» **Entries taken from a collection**
=== Begin Enclosure ===

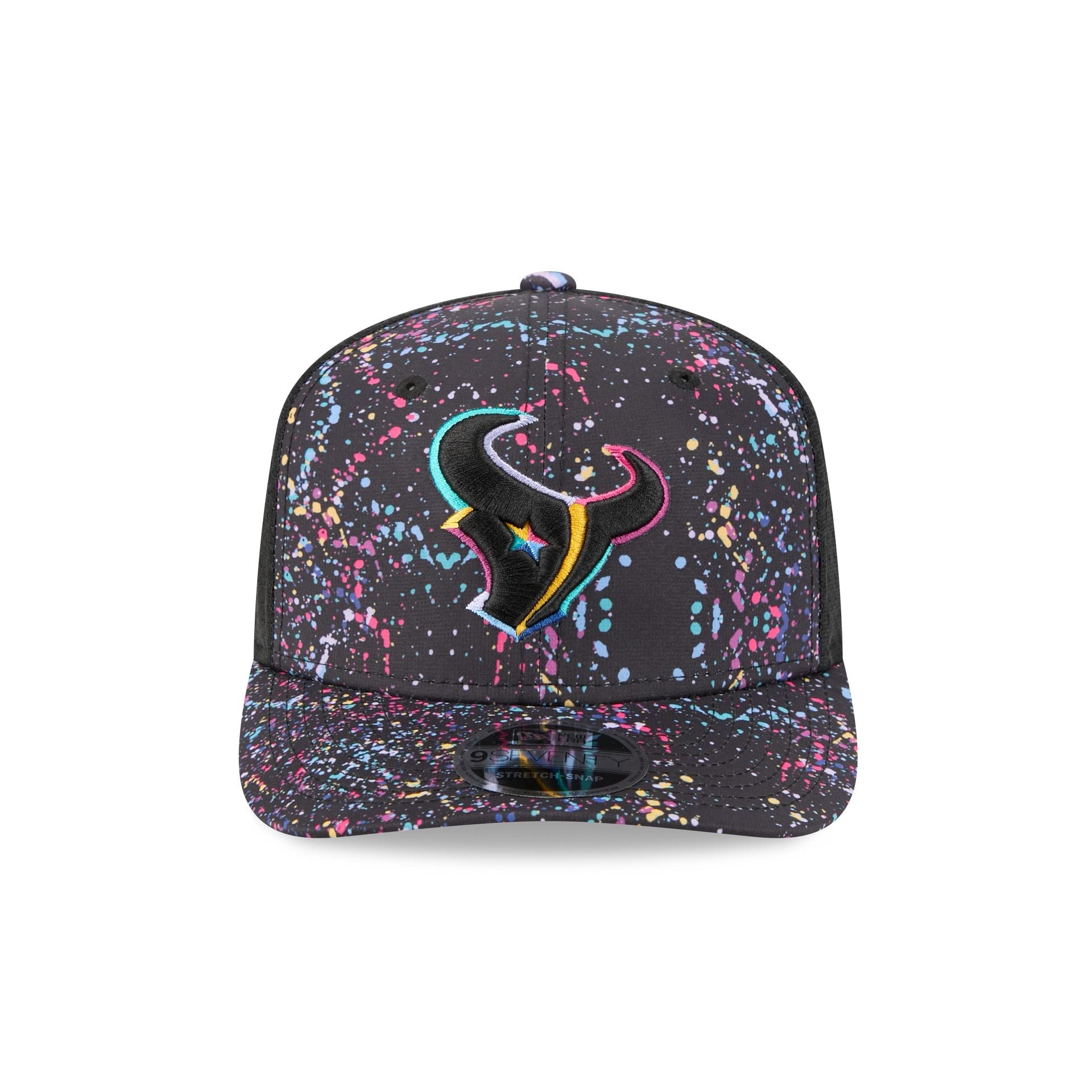 The Houston Texans 2025 Crucial Catch 9SEVENTY Trucker features an embroidered Texans logo at the front paint splatter panels with a woven NFL Shield tag above a snapback closure at the rear. Additional details include a Crucial Catch Intercept Cancer patch at the right-wear side with performance mesh rear panels and a black undervisor.
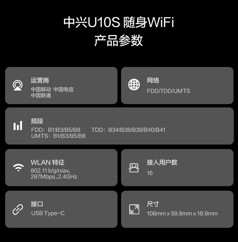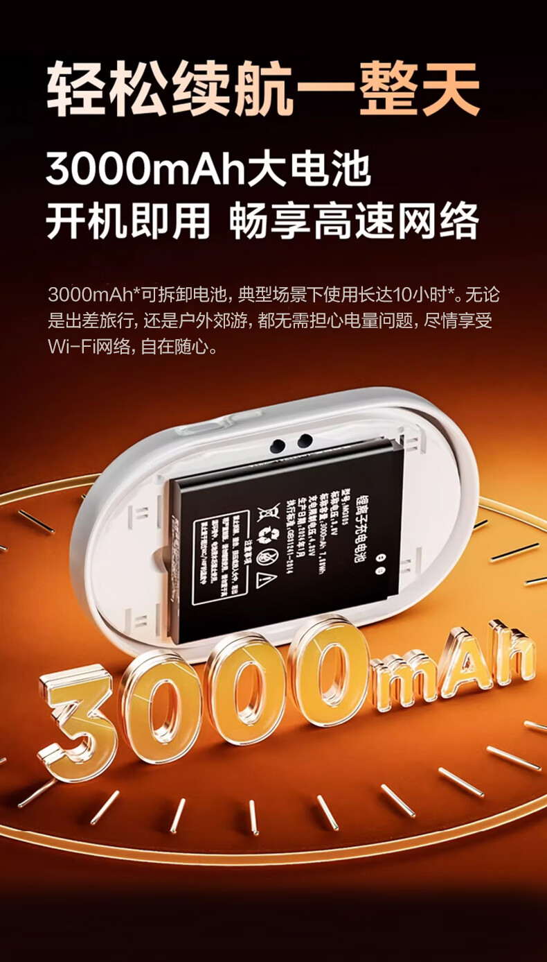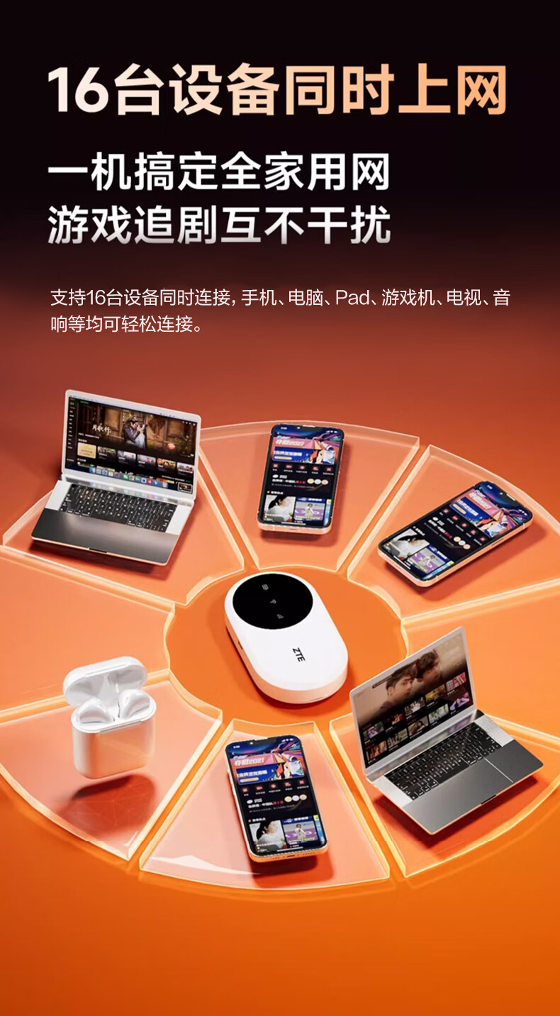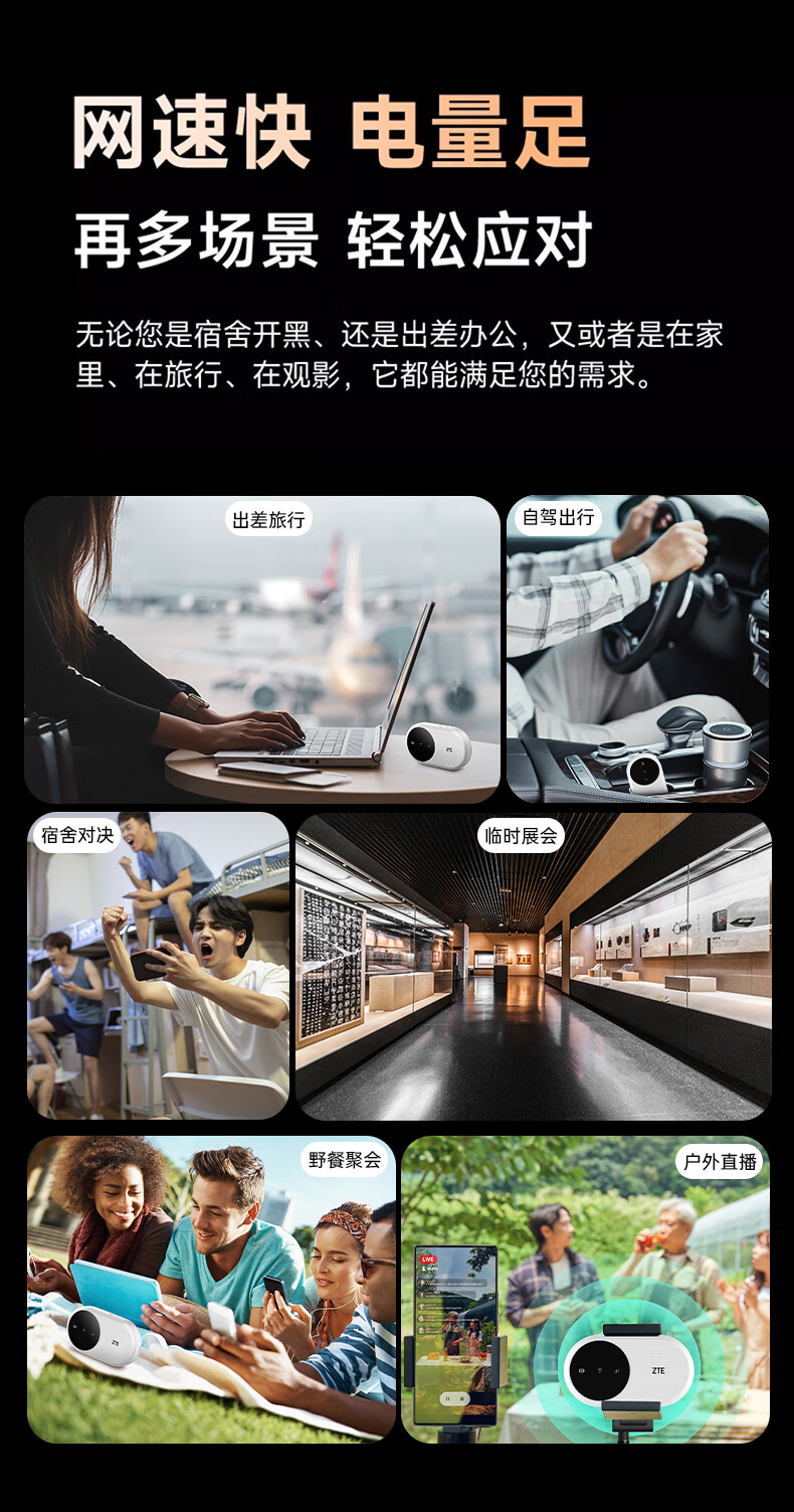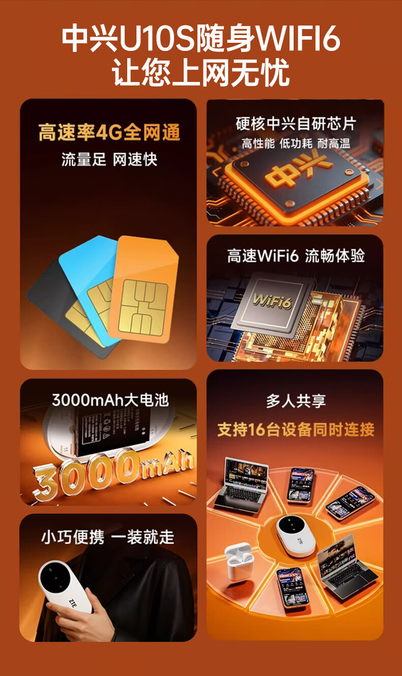 中兴随身wifi6免插卡移动路由器U10S支持4g/5g设备全网通用2025款YM25移动联通电信无限制流量便携网卡 升级版【升级3000毫安 长续航】 300G
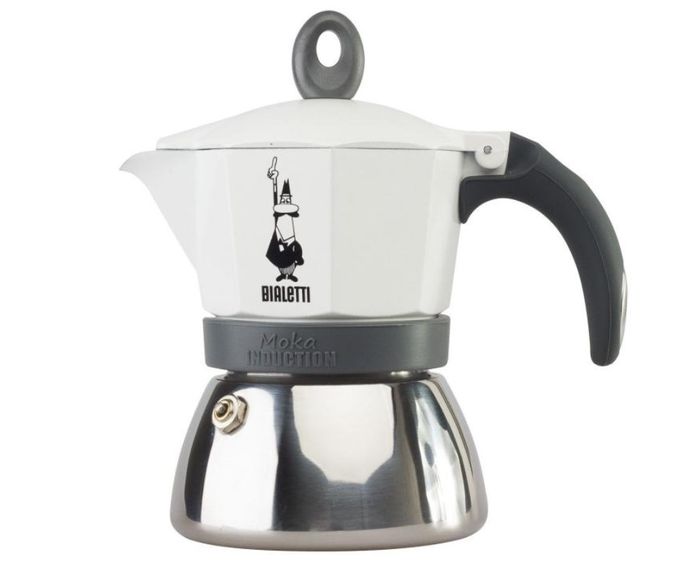 Kompaktní moka konvička od průkopníka v tomto segmentu – italské firmy Bialetti. Vybrat si můžete ze 4 barevných provedení. Objem nádrže na vodu je 150 ml, což odpovídá 3 malým espresso šálkům, resp. 21 g kávy. Vrchní část je sice vyhotovena z potravinářského hliníku, ale spodní část můžete díky nerezavějící oceli a sendvičovému dnu ohřívat i na indukční desce do průměru 9 cm.
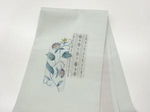手織り紬手描き花唐草に抽象縞模様開き名古屋帯(額縁仕立て)
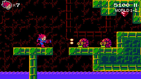 本作復(fù)古像素風(fēng)的畫(huà)面對(duì)于大多數(shù)人來(lái)說(shuō)實(shí)在有些欣賞不來(lái),比紅白機(jī)時(shí)代的許多游戲畫(huà)面都不如,人物的造型設(shè)計(jì)頗有幾分洛克人的味道,甚至連舉槍姿勢(shì)都很像。而太空怪物的巢穴頗有魂斗羅的感覺(jué),神秘的太空巢穴、各種可怕的星際怪物頻繁出現(xiàn)在場(chǎng)景當(dāng)中,科幻色彩非常濃厚,一下子又令人回到了那個(gè)射擊闖關(guān)游戲橫行的年代。
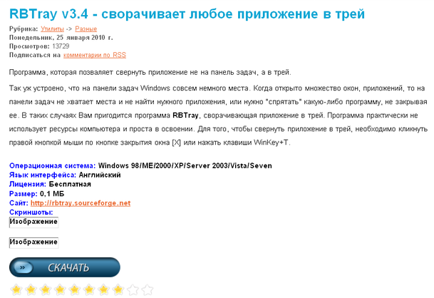 Воспользуемся программой RBTray v3.4. Эта программа сворачивает любое приложение в трей. Найти ее можно по адресу: http://smallprogs.ru/page/rbtray
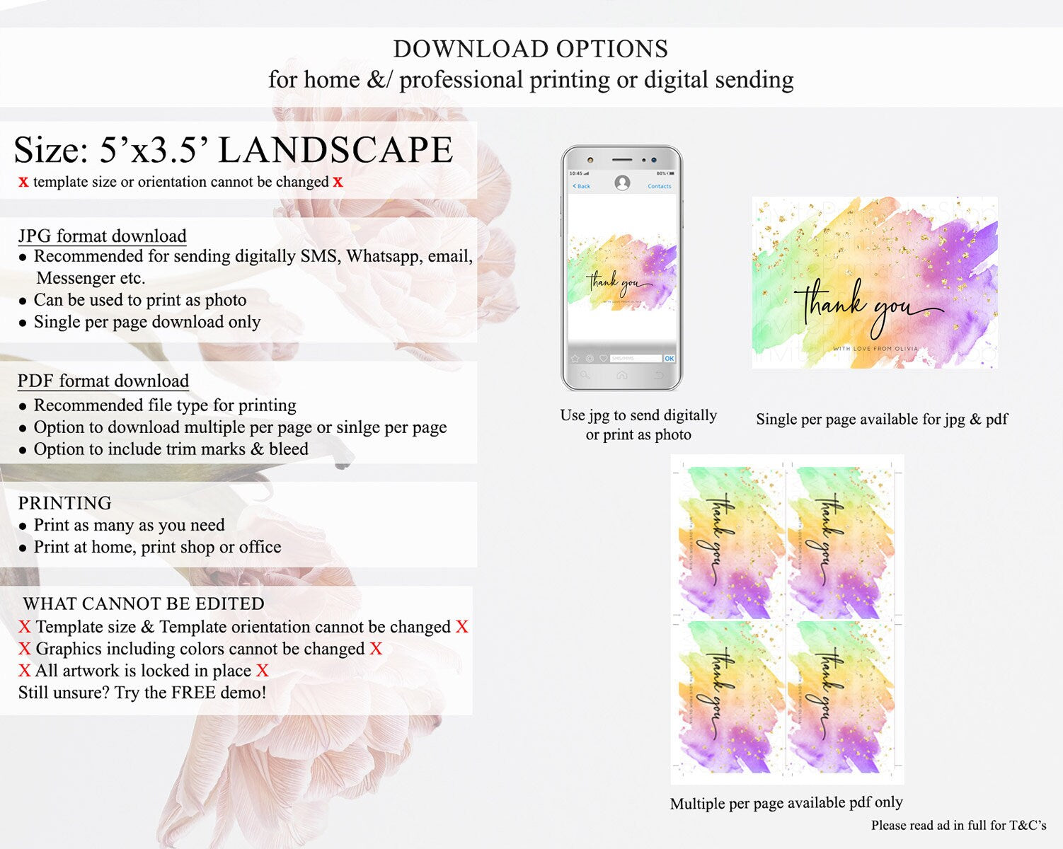 • Template size & orientation cannot be changed. Please use the demo link to confirm this product suits your needs.
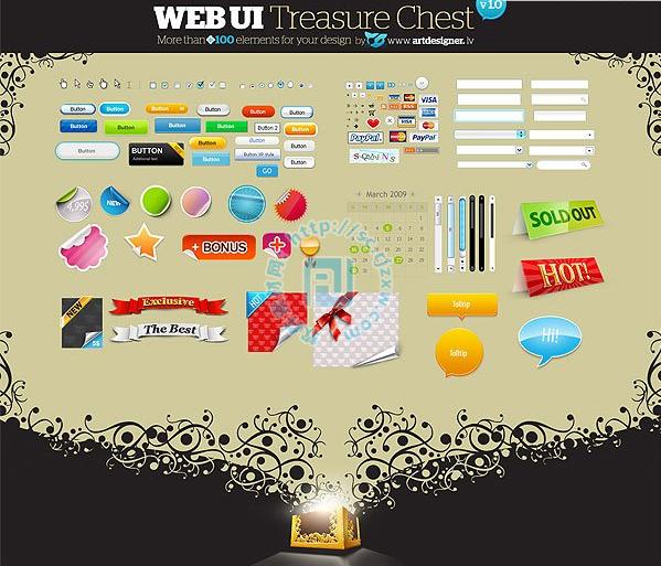 100个实用的网页设计PSD元素
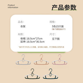 可伸缩儿童衣架 5色 15只装

=== End Enclosure ===

» **Work to be completed**
Exactly the lines from the one that contains "Kompaktní moka konvička" through the final line of the records above are needed, given again word for word, with every picture left out.

» **Solution for this task**
 Kompaktní moka konvička od průkopníka v tomto segmentu – italské firmy Bialetti. Vybrat si můžete ze 4 barevných provedení. Objem nádrže na vodu je 150 ml, což odpovídá 3 malým espresso šálkům, resp. 21 g kávy. Vrchní část je sice vyhotovena z potravinářského hliníku, ale spodní část můžete díky nerezavějící oceli a sendvičovému dnu ohřívat i na indukční desce do průměru 9 cm.
手織り紬手描き花唐草に抽象縞模様開き名古屋帯(額縁仕立て)
 本作復(fù)古像素風(fēng)的畫(huà)面對(duì)于大多數(shù)人來(lái)說(shuō)實(shí)在有些欣賞不來(lái),比紅白機(jī)時(shí)代的許多游戲畫(huà)面都不如,人物的造型設(shè)計(jì)頗有幾分洛克人的味道,甚至連舉槍姿勢(shì)都很像。而太空怪物的巢穴頗有魂斗羅的感覺(jué),神秘的太空巢穴、各種可怕的星際怪物頻繁出現(xiàn)在場(chǎng)景當(dāng)中,科幻色彩非常濃厚,一下子又令人回到了那個(gè)射擊闖關(guān)游戲橫行的年代。
 Воспользуемся программой RBTray v3.4. Эта программа сворачивает любое приложение в трей. Найти ее можно по адресу: http://smallprogs.ru/page/rbtray
 • Template size & orientation cannot be changed. Please use the demo link to confirm this product suits your needs.
 100个实用的网页设计PSD元素
 可伸缩儿童衣架 5色 15只装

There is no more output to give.